ボゴール植物園をぐるっと一周する中心地、植物園の西側に建つインドネシア国立自然史博物館は、植物と民族の相互関係を研究する民族植物学という観点から始まり、インドネシアの天然資源、環境変化、植物、動物、人類の起源や分布、文化や化学の発展など自然科学や民俗学の分野を多様な角度から記録し若い世代へ伝える教育の場として、1982年に開館しました。
エントランスを入るとドイツ人植物学者ゲオルク・ルンフィウスの紹介から始まります。オランダ東インド会社から派遣され、インドネシアにやってきたルンフィウスは生涯をかけて超大作『アンボイナ植物誌』を書きあげ、約1200種におよぶアンボン島の植物を図解入りで紹介しています。著者没後の1741年に出版された同誌が当時の西欧諸国にとってどれだけ衝撃的だったかは想像に難くありません。
その後、ボゴールの運命はナポレオン戦争で一時ジャワ島が英国の支配下となった間に変わります。1812年、シンガポールのラッフルズホテルで有名なラッフルズ総督が創設した私設庭園が起源となりボゴール植物園が開園。この博物館の展示も1817年に最初の園長を任命されたカスパー・カール・ゲオルク・ラインヴァルトはじめ、功績を残した歴代館長の説明や貴重な植物採取記録などが続きます。
ここまでがプロローグ。順番通りに進むにつれてその圧倒的な情報量に驚かされます。インドネシアの生物の分布境界線、代表的な生態、生物の誕生から絶滅への警鐘、宇宙や地球の誕生、人類の進化、自然との共存、ラボラトリウムでの植物研究の様子と当時の器具や資料、植物画のリトグラフ、インドネシアにおける自然資源と各地文化との融合、バティック染料などの芸術や生活用具への活用、薬としての伝統的用法から、インドネシアの持続可能な未来への提言など、工夫を凝らした展示は延々と続いて行きます。
中でも思わず叫んでしまったおすすめは先史時代の洞窟で暮らしていた人類のジオラマです。インドネシアは知る人ぞ知る洞窟の宝庫。近年でも人類史の常識を覆す洞窟壁画が次々と発見されています。洞窟壁画といえば有名なフランス・ラスコーの洞窟壁画は推定2万年前のもの。一方、インドネシアでは4万~4万9千年前とも推定される洞窟壁画がスラウェシ島などで発見されており、そのうちのひとつが例としてダイナミックなジオラマで展示されているのです。思わず博物館の床に座り込んで一緒に当時の空気感を感じてみたい、洞窟好きにはたまらない展示物です。

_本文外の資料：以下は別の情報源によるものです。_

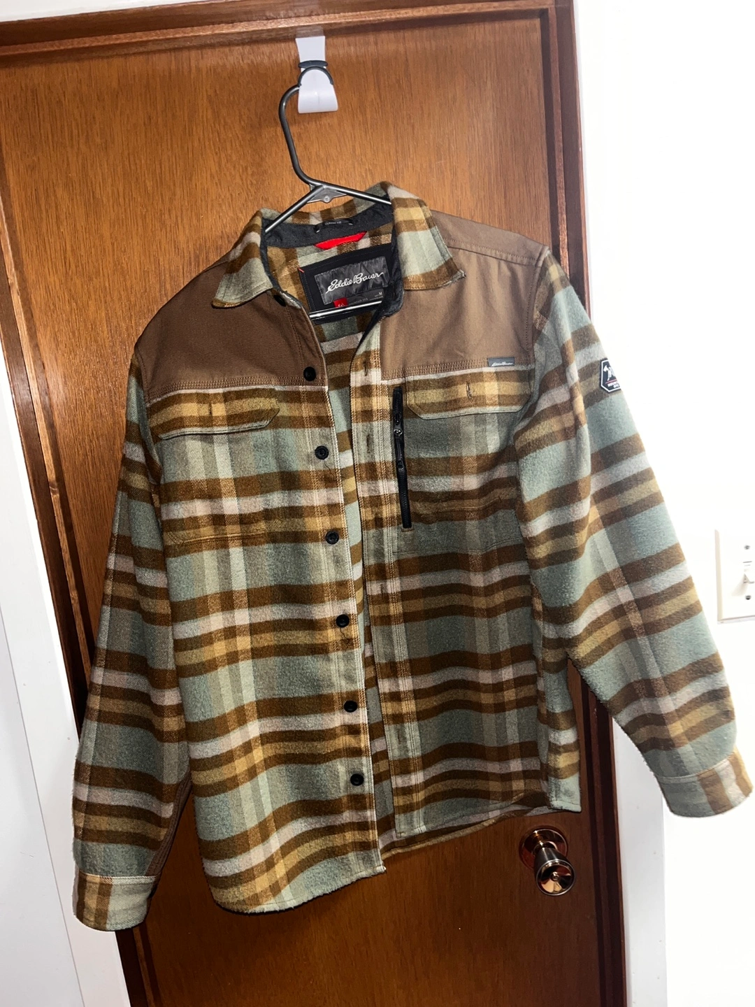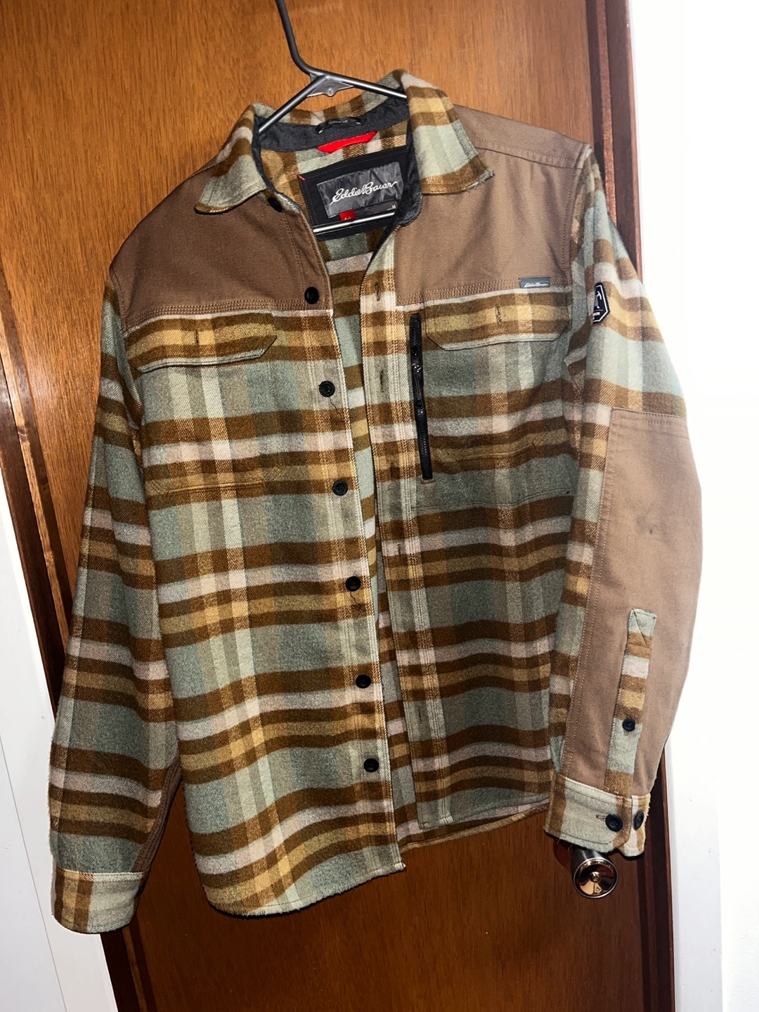 Men's Eddie Bauer flannel shirt jacket. Size Medium. Classic fit. Plaid pattern. Brown and green colours. Features corduroy accents and zippered chest pocket.OBO

インドネシア国内旅行、行ってみたいけどもう少し様子を見ようという方も、すでに計画がある方もインドネシアの地理や各地の文化の予習をしてみる絶好の場でもあります。コロナ禍で学習機会が減った子どもたちにもおすすめ。自然、科学、歴史、地理……多様な分野の知的好奇心を満たす語りつくせない魅力が詰まった至福の博物館、インドネシア国立自然史博物館に皆さまもぜひ足を運んでみて下さい。(日本旅行インドネシア 水柿その子 写真も)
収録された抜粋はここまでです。